Mir ist klar, dass das Fasten an Jom Kippur mich veranlassen soll, mich nicht auf den Körper, sondern auf die Seele zu konzentrieren. Aber gegen Mittag bin ich so hungrig, dass ich bis zum Ende des Tages nur noch an Essen denken kann. Ist das nicht kontraproduktiv? Wie kann ich mit knurrendem Magen spiritueller werden?
Antwort!
Fasten ist kein Vergnügen. Wenn der halbe Vormittag an Jom Kippur vorbei ist, denken wir an die Mahlzeit vor Fastenbeginn zurück und bereuen es, den zweiten Hühnerschlegel nicht verspeist zu haben. Im Laufe des Tages schauen wir immer öfter auf die Uhr und warten sehnsüchtig auf das Ende des Fastens. Vielleicht halten wir ein Gebetbuch in der Hand; doch alles was wir vor Augen sehen, sind gefüllte Schüsseln und Teller. Während der Kantor G-tt anfleht, uns Sündern zu vergeben, bitten wir ihn um Essen.
Anstatt den Hunger des Körpers zu ignorieren, können wir ihn sogar dafür nutzen, unserer Seele näher zu kommenIch kenne kein Patentrezept, um das Fasten zu erleichtern. Aber Fasten kann bestimmt eine spirituelle Erfahrung sein. Anstatt den Hunger des Körpers zu ignorieren, können wir ihn sogar dafür nutzen, unserer Seele näher zu kommen. Aber das setzt Kontemplation voraus. Probieren Sie diese Meditation, wenn der knurrende Magen die Jom-Kippur-Gebete übertönt und Sie vor dem geistigen Auge nur noch Essen sehen:
Schaut mich an. Ich bin ein reifer, vernünftiger Mensch, der normalerweise recht gut funktioniert. Aber heute kann ich nicht klar denken, nur weil ich heute morgen meinen Kaffee und meinen Toast verpasst habe. Ich sitze am heiligsten Tag des Jahres in der Synagoge und kann nur an Huhn mit Paprika und Kartoffelbrei denken. Ein leerer Magen hat einen erwachsenen Mann in ein Raubtier verwandelt! Und was noch lächerlicher ist: In wenigen Stunden werden ein paar Bissen Kuchen und eine Tasse Kaffee bewirken, dass ich die ganze Tortur vergesse! Ist ein Teller mit Essen alles, was ich brauche? Bin ich so von meinem täglichen Essen abhängig? Bedeutet es mein Ende, wenn man mir mein Thunfischbrot wegnimmt?

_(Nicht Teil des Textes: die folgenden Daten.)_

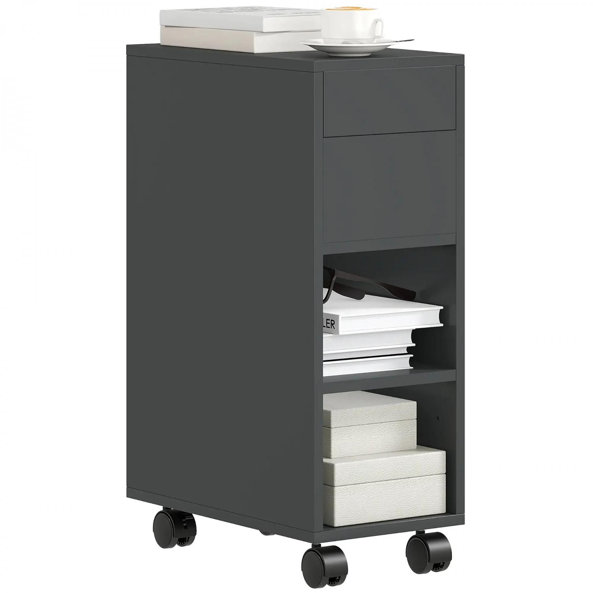 - MUEBLE RESISTENTE Y FUNCIONAL: Fabricada en melamina de madera robusta y con guías metálicas firmes, esta mesita auxiliar de HOMCOM está diseñada para un uso diario duradero. Sus materiales garantizan un desplazamiento suave y silencioso de la encimera

Die Antwort lautet: Wenn Ihr Körper alles ist, dann sind Sie das, was Sie essen, und nicht mehr. Doch in Wahrheit sind Sie mehr als Ihr Körper, viel mehr als die Summe Ihrer Kohlenhydrate und Proteine. Sie sind eine Seele. Der Körper ist nur ein zerbrechliches, bedürftiges und zeitweiliges Haus für die Seele, Ihre wahre Identität.
Wir nehmen den Körper und seine Bedürfnisse sehr ernst. Viele Menschen denken nur an die Wünsche und Begierden des Körpers und vergessen, dass das Leben mehr ist als das leibliche Wohl. Fasten erinnert uns nachdrücklich an die Verwundbarkeit und Abhängigkeit des Körpers. Je hungriger Sie werden, desto klarer wird Ihnen, wie empfindlich und unbeständig Ihr Körper ist. Der Sinn des Lebens kann nicht in einem Frühstück bestehen!
Der Körper ist nur eine äußere Hülle für die Seele, eine dünne Schicht über dem wahren Selbst. Ihre wahre Identität ist jener Teil von Ihnen, der über den Hunger hinausschaut und den Hunger anderer spürt. Er kann Ihre eigenen Bedürfnisse hintanstellen und sich der Not anderer Menschen zuwenden. Dieser Teil ist Ihre Seele.
Das ganze Jahr über arbeiten wir. Wir kaufen ein, kochen und essen. Wir treiben Sport. Und das alles nur, um unseren Körper zu pflegen. An einem einzigen Tag des Jahres treten wir einen Schritt zurück, weg vom Körper, und wagen uns in die Welt der Seele hinein.
Betrachten Sie den Körper an Jom Kippur mit den Augen der Seele. Beobachten Sie, wie der Körper hungert, bemitleiden Sie ihn wegen seiner Schwäche, und beschließen Sie, dass sie ihn und seine flüchtigen Vergnügungen im kommenden Jahr nicht als einzigen Sinn und Zweck des Lebens betrachten werden. Sorgen Sie für Ihren Körper, damit er Ihnen helfen kann, ein guter Mensch zu sein und die Aufgabe zu erfüllen, die der Grund dafür war, dass Ihre Seele in diese Welt geschickt wurde.